Война в Закавказье изменила отношения Российского государства не только с Западом, но и с собственным населением. Проблемы формирования идентичности россиян, поиска объединяющей идеологии и универсальных ценностей, которые Россия могла бы предъявить миру, обострены до предела. Чего ждет общество от государства и почему так долго не может этого дождаться, обозревателю РБК daily ВИКТОРУ ЯДУХЕ рассказал генеральный директор ВЦИОМ ВАЛЕРИЙ ФЕДОРОВ.

— Нет ли у вас после Южной Осетии ощущения, что россиянам была нужна эта война?
— Война была полной неожиданностью для нашего общества, оно ее ни в коем случае не хотело и не готовило. Об этом свидетельствуют все опросы, предшествовавшие конфликту: защищать друзей и соотечественников надо, но только мирными, политическими и экономическими средствами. За военные действия высказались в июле не больше 3% опрошенных.

— Принято считать, что Россия мобилизуется только во время войн. Вы наблюдали мобилизацию в обществе?
— Война, на наше счастье, была скоротечной, даже армия мобилизоваться не успела, не то что общество. В целом же российское общество, на мой взгляд, сегодня принципиально не мобилизационное и не мобилизуемое. Главные интересы граждан сосредоточены в частной жизни. Общих ценностей крайне мало. Россия нам дорога, но какая именно Россия? Что нам в ней любить и чем гордиться? На эти вопросы ответов у людей пока маловато. Старые ответы опорочены и забыты, новые — то ли еще не прозвучали, то ли пока не приняты на веру.

— Существует ли в массовом сознании идеальный образ России?
— Да. Это страна мирная, экономически развитая, зажиточная. Страна, где торжествует справедливость, что означает, что все равны перед законом (сейчас порядка 80% полагают, что мы живем в несправедливом обществе). И это великая страна, с мнением которой вынуждены считаться все в мире. Ведь в 1990-х годах Россия пыталась завязать роман с Западом.

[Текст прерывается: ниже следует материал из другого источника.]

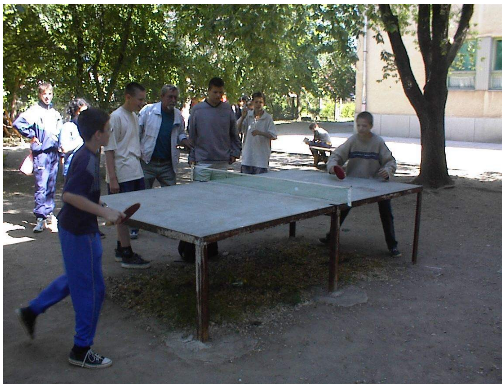
A mérkőzés heve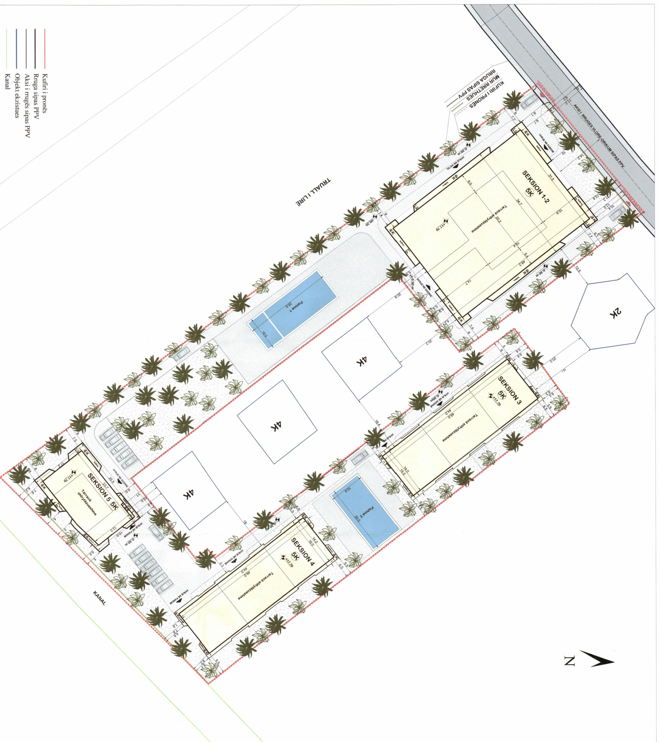
PLANI I VENDOSJES SË STRUKTURËS SHK. 1:500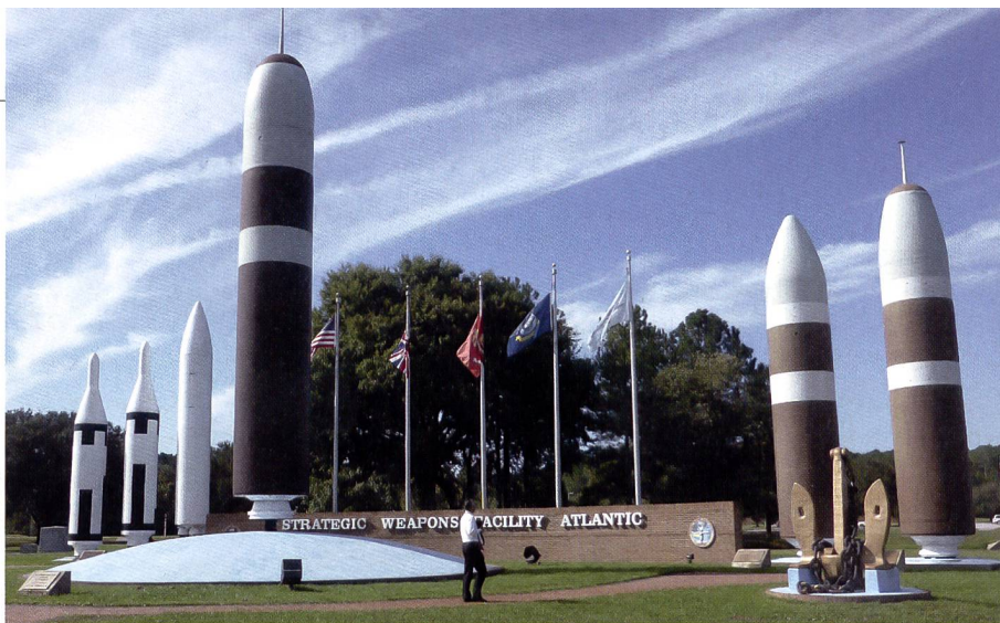
Im Raketenpark des Ubootstützpunktes von Kings Bay (Georgia), dem Heimathafen der an der Ostküste stationierten «Boomer», sind die bisher im Einsatz verwendeten Lenk Waffen ausgestellt. In der linken Bildmitte überragt die «Trident» die früheren «Poseidon» (rechts) und «Polaris» Varianten (links).

Später wurden die 41 «Boomers» durch 18 Einheiten der «Ohio»-Klasse abgelöst, welche zwischen 1984 und 1997 in Dienst gestellt worden sind und die über je 24 Startrohre für ballistische Lenk Waffen des Typs «Trident II D5» verfügen, wobei aus Gründen der Rüstungsbegrenzung nur noch 22 der 24 Abschussrohre belegt sind. Vier dieser Boote wurden nach Unterzeichnung des ersten START Vertrags zwischen den USA und der UdSSR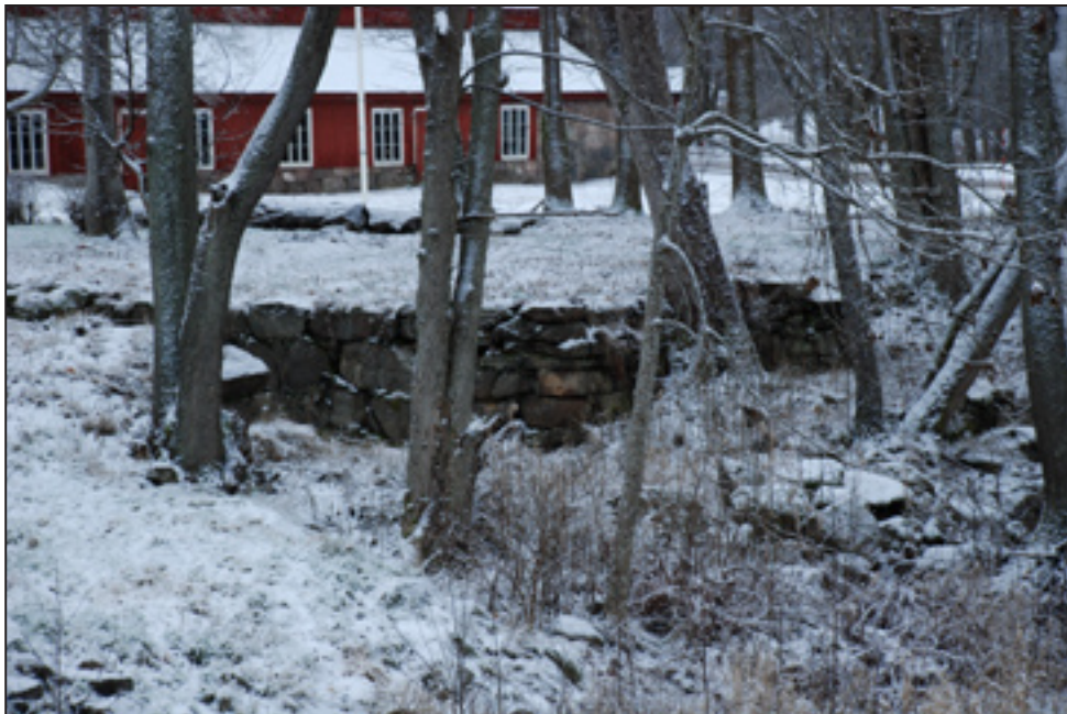
Masugnsgrunden är den enda resten av masugnen som revs på 1880-talet.

I bakgrunden syns den renoverade kolladan.

Когда выяснилось, что он не готов к длительным и равноправным отношениям, это не понравилось ни нашей элите, ни обществу. А подъем последнего десятилетия дал нам силы и смелость перестать молча сглатывать накопившуюся обиду.

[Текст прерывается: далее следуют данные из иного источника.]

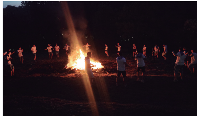
Beroaldiगतिक, segurtasun neurri zorrotzen artean piztu zuten jaietako sua.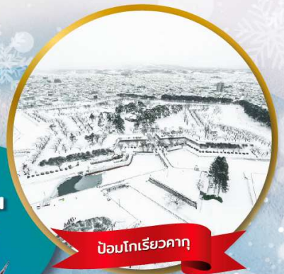
ป้อมโกเรียวกากุ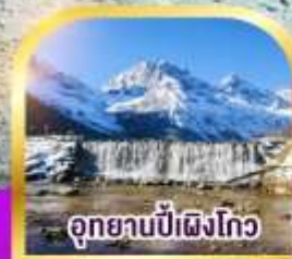
อุทยานบี้เผิงโกว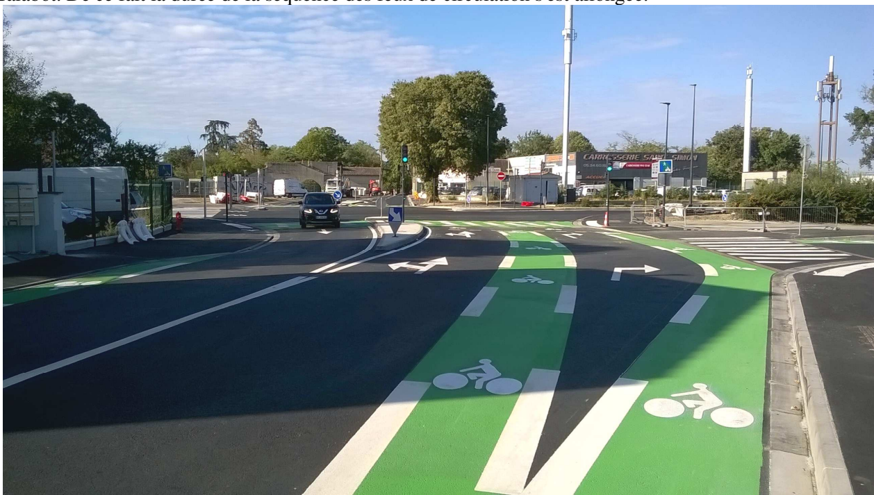
Vue du carrefour côté rue Paulin Talabot

Avec un peu de retard, le carrefour complet a été mis en service vers mi-septembre. Comme expliqué dans notre numéro précédent, il permet maintenant toutes les combinaisons de passage entre les voies de Basso Cambo, Bd Eisenhower, rue Paulin Talabot. De ce fait la durée de la séquence des feux de circulation s'est allongée.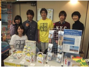
速水けんたろうさんとスタッフ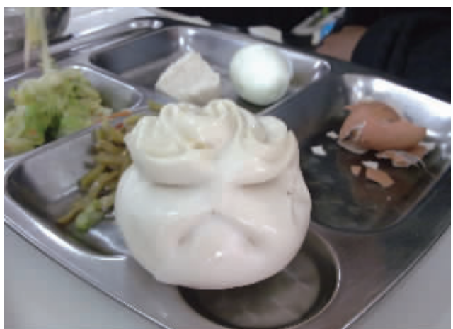
食堂面点师傅今天心情不好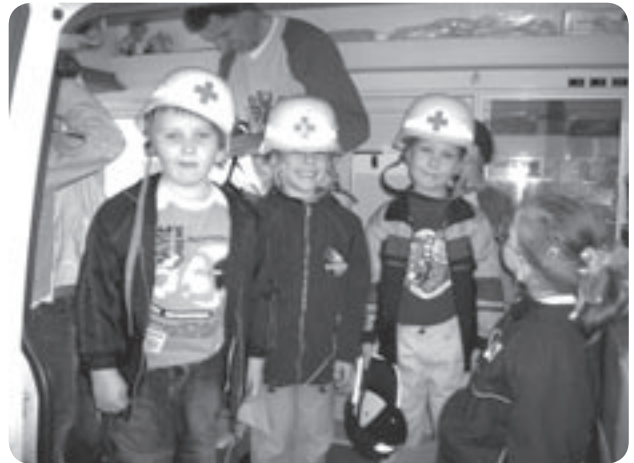
Erste-Hilfe-Kurs: Die Wackelzahnkinder erkunden einen Krankenwagen.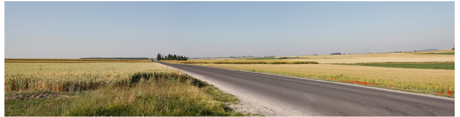
Le site actuel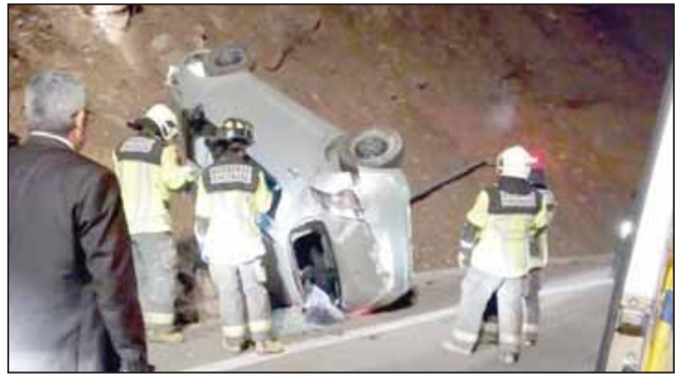
Este accidente se produjo cerca de la 1:30 de la madrugada en la autopista Los Libertadores a la altura del Casino Enjoy.

En primera instancia fue trasladado hasta el Servicio de Urgencia del Hospital San Juan de Dios, en donde se le diagnosticaron lesiones leves y se le realizó el respectivo examen de alcoholemia. Informado el Fiscal de Turno dispuso que quedara en libertad a la espera de ser citado a declarar.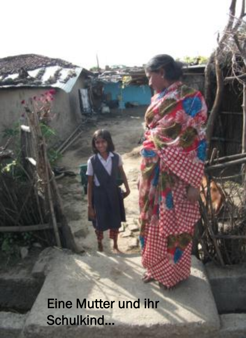
Eine Mutter und ihr Schulkind...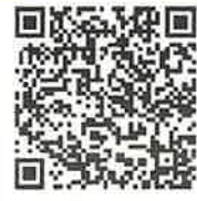
ふるさとチョイス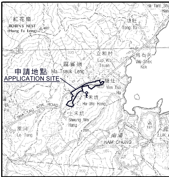
要覽圖 KEY PLAN SCALE 1 : 50 000 比例尺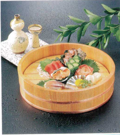
タガが抜けない新工法 (PAT)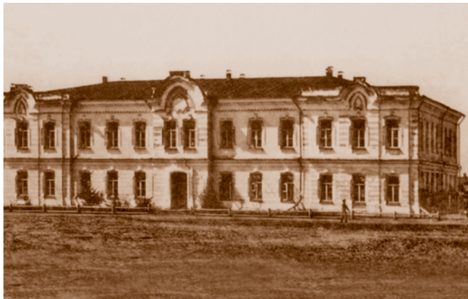
Пансион 1-й женской гимназии. 1883. Открытка начала XX в. Сейчас – торгово-офисное здание (ул. Ленина, 10)

и при этом – с соблюдением чувства меры» (Из XVIII века – в век XXI: история Омска / Н. И. Миненко, В. Г. Рыженко. СПб., 2008. С. 143–144).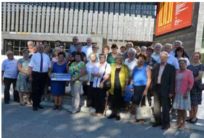
Gruppenfoto vor dem Musiktheater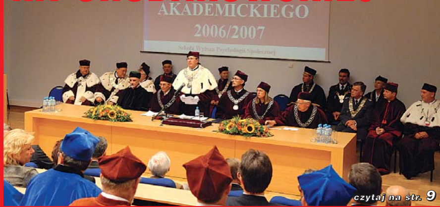
czytaj na str. 9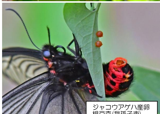
ジャコウアゲハ産卵 根戸森(我孫子市) 2020.5.12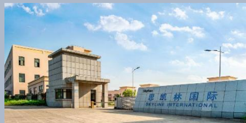
中国·商丘皮革基地

— И в этом интересы разных слоев общества, конечно, совпали...
— Да, они совпали. К сожалению, этими интересами мы и ограничились. Нельзя же говорить только о них. А где же принципы — те, что выше интересов? Их нет. Еще недавно, в 1990-х годах у нас был принцип — дружить с соседями по СНГ и поставлять им газ почти даром. На смену ему в 2000-х пришли интересы: дружба дружбой, а за газ платите по полной. Вроде бы все правильно, честно, но только что за дело другим странам до наших интересов? Они будут говорить только о своих собственных. А где же общая платформа для диалога? Ее, получается, нет. Наши соперники действуют гораздо тоньше, изощреннее, стратегичнее. Никогда не забывая о своих интересах, они говорят о принципах и ценностях. Они «продают» образ жизни, а не интересы. И это делает их привлекательными. Скажем, одна из причин привлекательности Америки — идея демократии. И хотя демократию она несет миру на крыльях бомбардировщиков, официально речь идет о защите неких универсальных ценностей. А что Россия несет миру на броне своих танков? Мне кажется, мы и сами пока сказать этого толком не можем.

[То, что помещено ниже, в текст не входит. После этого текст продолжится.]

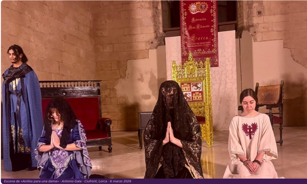
Escena de «Anillos para una dama» · Antonio Gala · Ciufront, Lorca · 6 marzo 2026

6 de marzo · 19:00 h · Ciufront · Iglesia de Santa María la Mayor, Lorca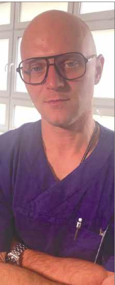
...m Nr 3, przewiduje, że po bniku

i onkologicznym w sumie pracuje 45 położnych, po dwie na zmianę. Rozmawiam z kolejną – ma 25 lat stażu, na oddziale widziała wszystko, tłumaczy mi zdecydowanym głosem: "Proszę pana, u nas zawsze muszą być dwie na położniczym, dwie na ginekologii, i po dwie na porodówce i patologii ciąży. My tutaj dwunastki mamy i naprawdę się nie nudzimy".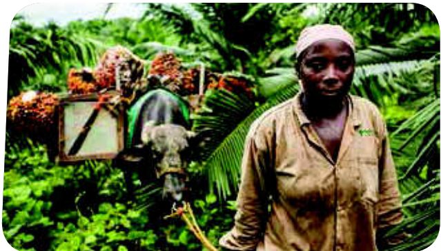
“Atardecer en el palmar” Diego Fernando Patiño Pérez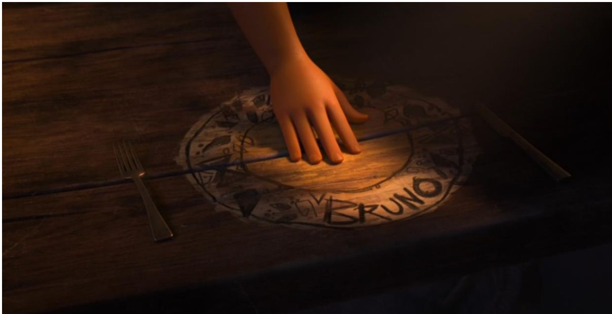
Encanto (2021). Plato autodibujado por Bruno.

Estos rasgos sugieren que Bruno ha desarrollado mecanismos de afrontamiento para lidiar con su exclusión, aunque estos mismos mecanismos refuercen su aislamiento y su sensación de desconexión. Su ausencia física se traduce en una grieta latente que nadie quiere reconocer, pero que amenaza la estabilidad de la familia. Esta representación simbólica se alinea con la teoría de los sistemas familiares de Minuchin (1974), quien plantea que los conflictos no resueltos pueden manifestarse en dinámicas disfuncionales que afectan la estructura de todo el sistema.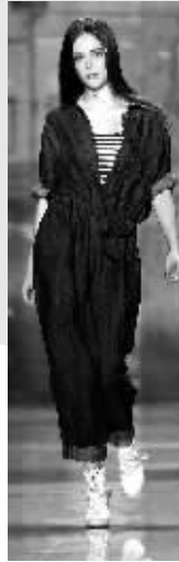
DKNY的连身阔脚工人裤。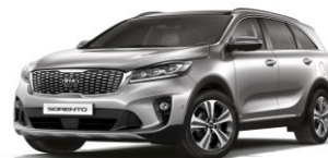
Silky Silver (45S)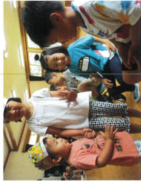
みんなとタッチしながら入場★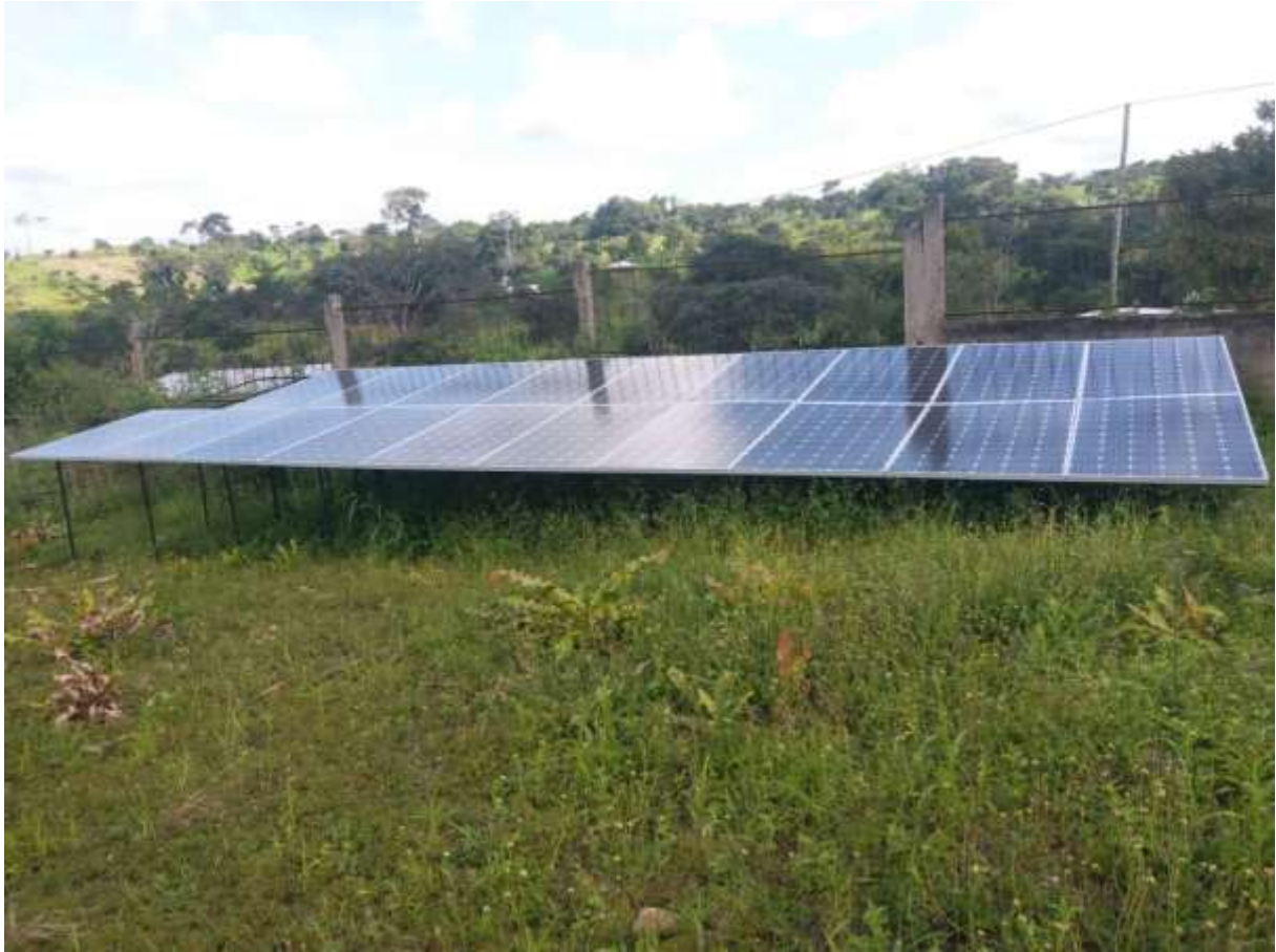
8: Pose des panneaux solaires du CSI de Kinding Djabi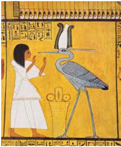
Prilog 8: Prikaz ptice Bennu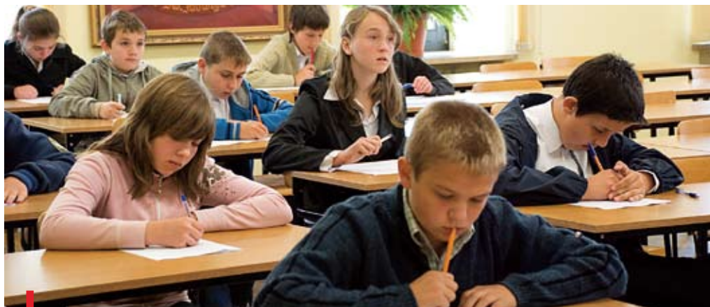
W konkursie wzięło udział 52 uczestników

— То есть нам нечего предложить миру, кроме стремления к собственной выгоде?
— В 2000-е годы мы возвели прагматизм в культ. Наверное, это было необходимо. Но должно быть что-то еще, нельзя зацикливаться только на этом! Вот, скажем, каждый человек должен есть, без этого ему никуда. Но может ли он этим ограничиваться? Он же должен еще что-то делать, иначе жизнь его будет безумно скучной и непривлекательной. Ограничиваясь риторикой национальных интересов, мы лишаем себя глобальной привлекательности и глобального будущего. Остро необходимы принципы и ценности, которые мы понесем миру. Иначе все будут относиться к нам только как к конкурентам. И в этом смысле защита Южной Осетии очень важна, поскольку мы защищали там не столько свои интересы, сколько универсальные принципы.

— Какие именно?
— Это принцип справедливости: помогать слабому, наказывать агрессора, не позволять убивать женщин и детей. Этот принцип разделяется всеми, это показывают наши опросы. Мы там не потому, что это наш национальный интерес, а потому, что не быть там сегодня — аморально. Пусть мы несем потери, человеческие, экономические, имиджевые, но мы поступили морально, правильно. Мы защитили справедливость. И это всем в России понравилось — мы ведь так давно не защищали справедливость, не чувствовали, что мы на правой стороне!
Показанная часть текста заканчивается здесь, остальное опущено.